Рис. 58. Смерть. Мотив всей столешницы – исповедь, своевременное покаяние. В этой сцене скелет Смерти со стрелою в руке приходит к ложу испускающего дух, как и в «Смерти скупца». У его одра – чёрт и ангел ждут наступления смерти тела, дабы принять и сопроводить душу. В руке – свеча, подле – монах с распятием, священник, служка, монахиня: уходящему отпускаются грехи, читаются отходные молитвы, и вершится одно из семи таинств – елеосвящение. Примечательна символическая симметрия: семи смертным грехам противопоставлены семь таинств церкви. Суд по всему, ангел, в отличие от картины «Смерть скупого», выигрывает поединок с чёртом и умирающий получает последнее искупление. У постели также стоит родственник, а в дальней комнате две женщины молятся за умирающего, над ними изображена птица – подобно душе, она находится в клетке тела, но скоро высвободится и упорхнет в окно.

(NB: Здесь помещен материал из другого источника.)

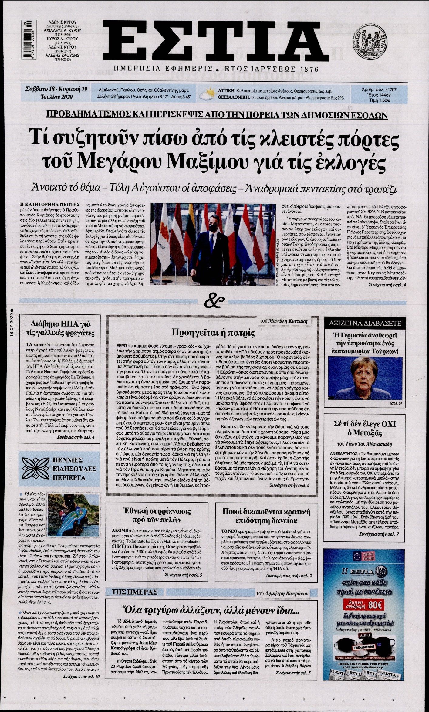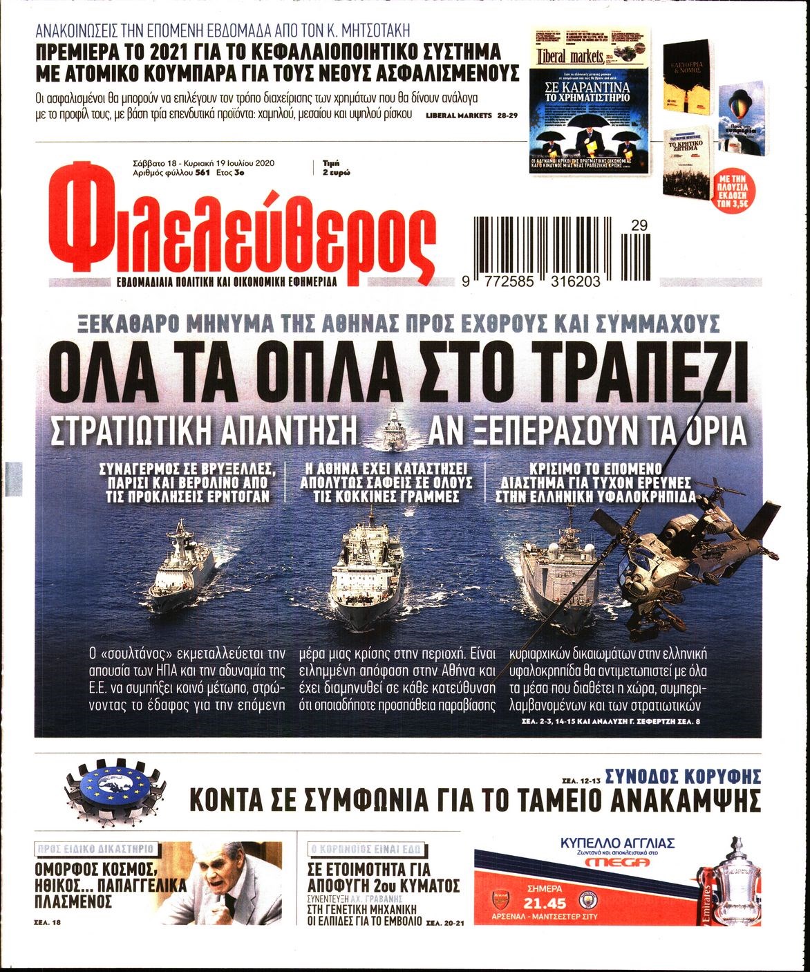 Οι πολιτικές εφημερίδες 18/7/2020 Διονύσης Νίκκας 07:14, Σάββατο 18 Ιουλίου 2020 Media Διαβάστε τα πρωτοσέλιδα των πολιτικών εφημερίδων… ΠΟΛΙΤΙΚΕΣ ΕΦΗΜΕΡΙΔΕΣ Μοιράσου το: σχολίασε κι εσύ (0 σχόλια) Ακολουθήστε το enikos.gr στο Google News και μάθετε πρώτοι όλες τις ειδήσεις Δείτε όλες τις τελευταίες ειδήσεις από την Ελλάδα και τον Κόσμο στο enikos.gr Ειδήσεις Ροή Ειδήσεων 2 ώρες πριν Χριστούγεννα στα μπλόκα: Επιμένουν στις κινητοποιήσεις τους οι αγρότες – Ανοίγουν τα διόδια το Σαββατοκύριακο 2 ώρες πριν Ουκρανία: Η άνευ προηγουμένου επίθεση σε ρωσικό τάνκερ στη Μεσόγειο και το μήνυμα προς στον Πούτιν – Το «μακρύ χέρι» του Κιέβου 2 ώρες πριν Πούτιν: Τα μηνύματα σε Ευρώπη και ΝΑΤΟ από το μαραθώνιο «σόου» του – Η απαίτηση για «σεβασμό» και η ειρήνη «με τους όρους» της Μόσχας 3 ώρες πριν Τραμπ: Δεν αποκλείει την πιθανότητα ενός πολέμου στη Βενεζουέλα – «Ο Μαδούρο ξέρει καλύτερα από τον καθένα τι ακριβώς θέλω» 3 ώρες πριν Συνεχίζει να προκαλεί ο Μίτσκοσκι: «Για μένα το όνομα Μακεδονία είναι ιερό» 2 ώρες πριν Ανακαλύφθηκαν αρχαία χρυσά νομίσματα 2.200 ετών που απεικονίζουν τον θεό Απόλλωνα – Η άγνωστη σύνδεση με τον Φίλιππο Β΄ της Μακεδονίας 3 ώρες πριν Ύπνος: Μια κρυφή κατάσταση του εγκεφάλου πριν από τον ύπνο μπορεί να είναι το “κλειδί” για υψηλή ευφυΐα και δημιουργικότητα 4 ώρες πριν Αριθμολογία: Οι άνθρωποι που έχουν γεννηθεί αυτές τις 4 ημερομηνίες, συχνά παρεξηγούνται – «Η καλοσύνη τους κρύβει τεράστια δύναμη» 5 ώρες πριν Ξεχάστε το καθάρισμα το Σαββατοκύριακο: Ο «κανόνας των 20 λεπτών» που θα σας λύσει τα χέρια 14 λεπτά πριν Φαίη Σκορδά: «Παλιότερα τα κομπλιμέντα τα προσπερνούσα, τώρα τα έχω ανάγκη» 30 λεπτά πριν Βασίλης Σπανούλης: Δεν εμφανίστηκε ούτε ένας δημοσιογράφος στην συνέντευξη Τύπου – «Καλησπέρα στον… κανέναν», δείτε βίντεο 41 λεπτά πριν Πόλεμος στην Ουκρανία: Εφτά νεκροί από ρωσική πυραυλική επίθεση στο λιμάνι της Οδησσού 44 λεπτά πριν ΗΠΑ: Η κυβέρνηση του Ντόναλντ Τραμπ άρχισε να δημοσιοποιεί τα αρχεία Έπσταϊν 56 λεπτά πριν Σάμος: Άνοιξε το μπλόκο των αγροτών στον κόμβο Κοκκαρίου – Σε νέα συνεδρίαση θα καθορίσουν την στάση τους ENIKOS NETWORK Το ΕΚΑΒ τιμήθηκε από την Ακαδημία Αθηνών για τα 40 χρόνια προσφοράς του Έχετε πραγματικά μεγάλη καρδιά; 10 χαρακτηριστικά όσων έχουν καλοσύνη Αναστολή μέτρων αναγκαστικής εκτέλεσης για κτηνοτρόφους που πλήττονται από την ευλογιά των αιγοπροβάτων Πλήρης επάρκεια προϊόντων στις λαϊκές της Αττικής, παρά τις αγροτικές κινητοποιήσεις – Τι απαντούν οι πωλητές Χαρτογραφώντας το «σημείο χωρίς επιστροφή»: Για πρώτη φορά αποκαλύπτεται με λεπτομέρεια το ακανθώδες όριο της ατμόσφαιρας τ... Η Google καταργεί τη λειτουργία «dark web report» – Πώς θα μπορούν οι χρήστες να διαγράφουν τα δεδομένα τους περισσότερα 22:42 , Παρασκευή 19 Δεκεμβρίου 2025 Γιώργος Γιαννόπουλος για “Το σόι σου”: “Είναι ευτυχία και ευλογία αυτή η σειρά” «Είναι ευτυχία και ευλογία η συγκυρία αυτής της σειράς», θα πει ο Γιώργος Γιαννόπουλος -ο αγαπ... 20:37 , Παρασκευή 19 Δεκεμβρίου 2025 Don’t Forget The Lyrics: Η Έλλη Κοκκίνου υποδέχεται 4 παίκτες που θα κάνουν τα πάντα για να μη χάσουν ούτε… μισή λέξη από τους στίχους Το «Don’t Forget The Lyrics» επιστρέφει απόψε, Παρασκευή 19 Δεκεμβρίου, στις 21:00 με νέο επει... 19:31 , Παρασκευή 19 Δεκεμβρίου 2025 GNTM: Απόψε ο μεγάλος τελικός για τους 4 φιναλίστ Έπειτα από μήνες γεμάτους μόδα, δημιουργία και έντονες αναμετρήσεις, το GNTM 2025 κορυφώνεται,... 18:11 , Παρασκευή 19 Δεκεμ

Рис. 59. Фрагмент триптиха «Семь таинств» включает сцену елеосвящения, можно проследить сходство композиций, любопытная деталь – белая собачка у ложа умирающего. Если присмотреться, видно, что Иероним тоже на уровне рисунка изобразил спящего пса, которого, впрочем, решил не оставлять в итоговом варианте. Рогир ван дер Вейден, 1445–1450 гг. Koninklijke Musea voor Schone Kunsten van België, Brussel.


Остальные «последние вещи» показывают возможные сценарии развития, происходящие за гробовой доской. Каждого человека ждёт Суд частный и всеобщий. Босх изображает, как мёртвые воскресают во плоти, ангелы трубят, Христос, восседая на радуге и сфере мира, ведет процесс. Соответственно, недостойные рая, представленного под сценой Суда, отправляются в ад. Очевидно, что в рай допущены лишь немногие, и даже на пороге чёрт хватает и тянет за руки, пытаясь украсть душу, но архангел защищает своим орудием – длинным крестом. Ад же изображён под сценой смерти. В нём грешники страдают за свои проступки и преступления. Имя каждого греха подписано рядом с определённой сценой (рис. 60 в).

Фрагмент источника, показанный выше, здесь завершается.